__Activity__: Return all of the data exactly, omitting any images.

__Given material__:
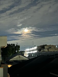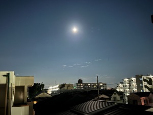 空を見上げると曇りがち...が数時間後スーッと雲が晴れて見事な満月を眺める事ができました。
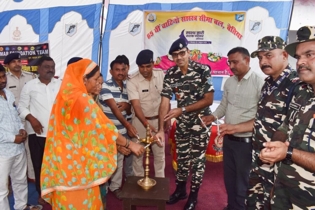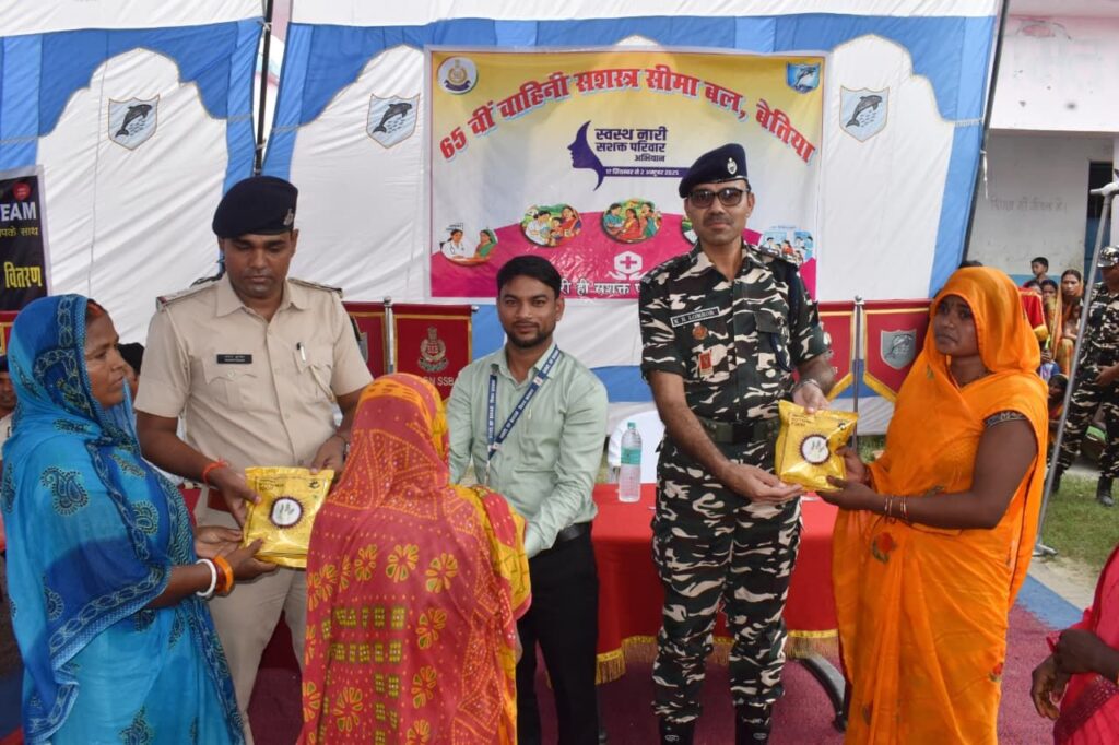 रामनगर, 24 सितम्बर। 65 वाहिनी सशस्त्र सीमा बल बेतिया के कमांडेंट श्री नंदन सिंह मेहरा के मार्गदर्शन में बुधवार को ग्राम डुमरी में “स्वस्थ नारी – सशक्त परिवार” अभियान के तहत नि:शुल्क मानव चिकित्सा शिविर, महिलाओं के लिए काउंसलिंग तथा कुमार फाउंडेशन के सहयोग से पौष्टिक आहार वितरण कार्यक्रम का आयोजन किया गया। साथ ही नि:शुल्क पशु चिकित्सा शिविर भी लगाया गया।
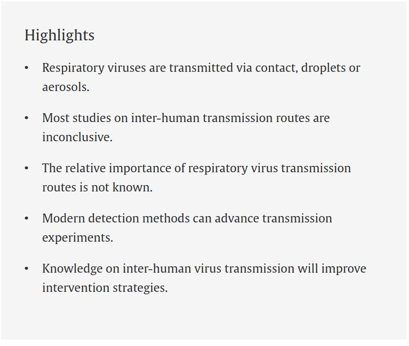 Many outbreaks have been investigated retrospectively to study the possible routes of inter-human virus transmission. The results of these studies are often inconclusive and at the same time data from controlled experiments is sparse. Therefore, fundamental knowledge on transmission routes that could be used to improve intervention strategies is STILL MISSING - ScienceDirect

__Response to this exercise__:
 空を見上げると曇りがち...が数時間後スーッと雲が晴れて見事な満月を眺める事ができました。
 रामनगर, 24 सितम्बर। 65 वाहिनी सशस्त्र सीमा बल बेतिया के कमांडेंट श्री नंदन सिंह मेहरा के मार्गदर्शन में बुधवार को ग्राम डुमरी में “स्वस्थ नारी – सशक्त परिवार” अभियान के तहत नि:शुल्क मानव चिकित्सा शिविर, महिलाओं के लिए काउंसलिंग तथा कुमार फाउंडेशन के सहयोग से पौष्टिक आहार वितरण कार्यक्रम का आयोजन किया गया। साथ ही नि:शुल्क पशु चिकित्सा शिविर भी लगाया गया।
 Many outbreaks have been investigated retrospectively to study the possible routes of inter-human virus transmission. The results of these studies are often inconclusive and at the same time data from controlled experiments is sparse. Therefore, fundamental knowledge on transmission routes that could be used to improve intervention strategies is STILL MISSING - ScienceDirect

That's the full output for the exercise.